Directions for this task. Once the line with "Der Präsident würdigte" is found in the data, output it and each following line exactly, up to and including the line with "Individuelle Wuchsmerkmale: Unser", and nothing before or after.

Provided entries.
# # #

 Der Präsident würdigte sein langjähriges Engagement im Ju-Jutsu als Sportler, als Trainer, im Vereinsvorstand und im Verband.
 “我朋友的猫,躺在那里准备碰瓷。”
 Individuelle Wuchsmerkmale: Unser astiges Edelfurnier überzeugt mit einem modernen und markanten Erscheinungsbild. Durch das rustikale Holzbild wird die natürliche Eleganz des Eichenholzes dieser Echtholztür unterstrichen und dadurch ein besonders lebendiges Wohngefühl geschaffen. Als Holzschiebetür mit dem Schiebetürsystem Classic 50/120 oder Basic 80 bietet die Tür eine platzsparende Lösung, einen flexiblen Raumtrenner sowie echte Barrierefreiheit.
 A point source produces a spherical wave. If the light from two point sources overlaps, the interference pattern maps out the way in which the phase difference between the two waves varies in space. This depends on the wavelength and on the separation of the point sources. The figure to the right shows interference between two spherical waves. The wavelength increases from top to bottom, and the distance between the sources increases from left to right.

# # #

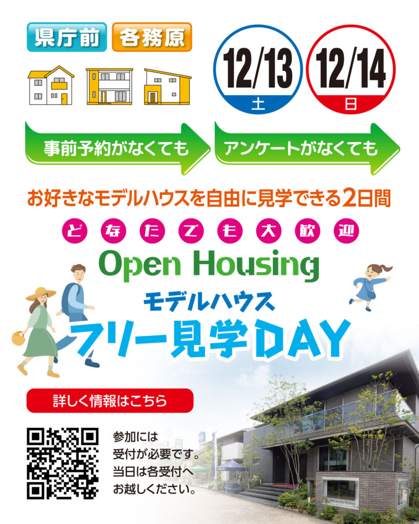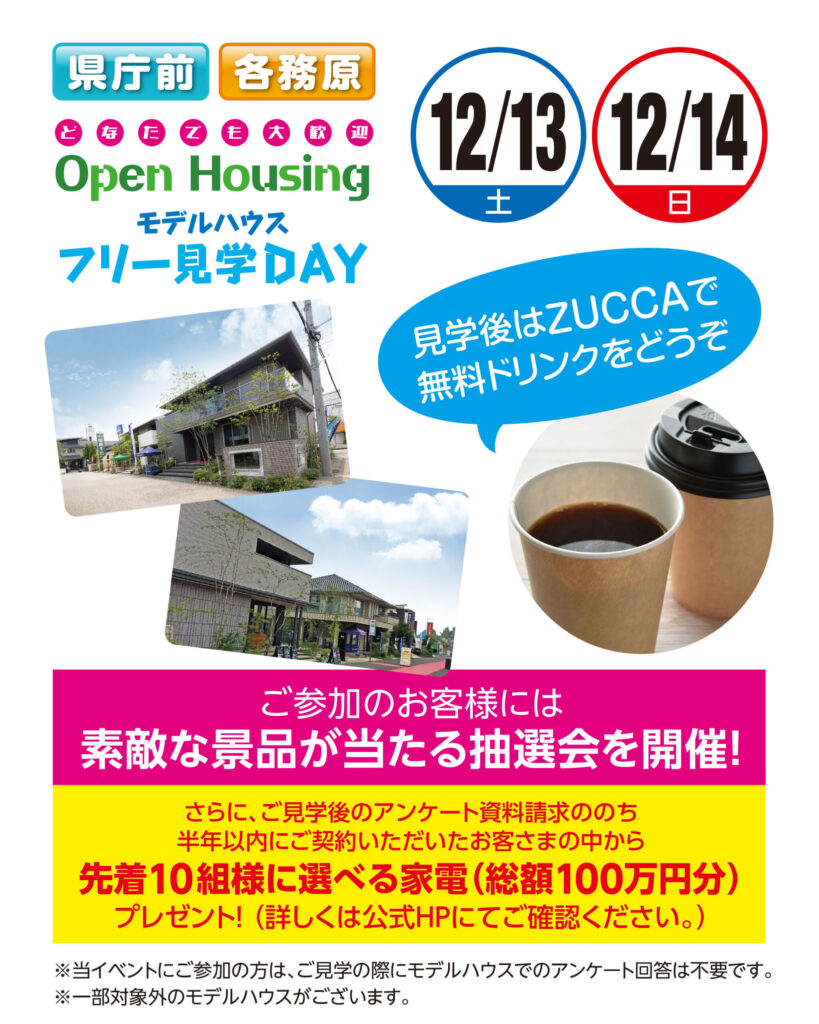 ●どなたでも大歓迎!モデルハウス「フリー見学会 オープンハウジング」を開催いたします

# # #

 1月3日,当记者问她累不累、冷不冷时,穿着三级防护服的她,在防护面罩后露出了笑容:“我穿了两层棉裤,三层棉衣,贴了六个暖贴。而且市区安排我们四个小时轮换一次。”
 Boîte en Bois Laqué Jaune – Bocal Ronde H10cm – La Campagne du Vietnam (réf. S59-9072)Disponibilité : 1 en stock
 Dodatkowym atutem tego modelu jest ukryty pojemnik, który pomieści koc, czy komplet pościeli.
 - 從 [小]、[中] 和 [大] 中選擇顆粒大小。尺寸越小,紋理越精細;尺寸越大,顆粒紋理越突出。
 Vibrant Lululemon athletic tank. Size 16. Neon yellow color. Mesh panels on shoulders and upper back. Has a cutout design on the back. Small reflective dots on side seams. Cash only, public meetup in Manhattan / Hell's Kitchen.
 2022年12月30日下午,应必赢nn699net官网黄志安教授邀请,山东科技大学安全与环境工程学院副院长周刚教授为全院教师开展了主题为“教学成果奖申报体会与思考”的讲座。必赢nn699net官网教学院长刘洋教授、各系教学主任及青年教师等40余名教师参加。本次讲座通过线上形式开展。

# # #

Response to this task.
 Der Präsident würdigte sein langjähriges Engagement im Ju-Jutsu als Sportler, als Trainer, im Vereinsvorstand und im Verband.
 “我朋友的猫,躺在那里准备碰瓷。”
 Individuelle Wuchsmerkmale: Unser astiges Edelfurnier überzeugt mit einem modernen und markanten Erscheinungsbild. Durch das rustikale Holzbild wird die natürliche Eleganz des Eichenholzes dieser Echtholztür unterstrichen und dadurch ein besonders lebendiges Wohngefühl geschaffen. Als Holzschiebetür mit dem Schiebetürsystem Classic 50/120 oder Basic 80 bietet die Tür eine platzsparende Lösung, einen flexiblen Raumtrenner sowie echte Barrierefreiheit.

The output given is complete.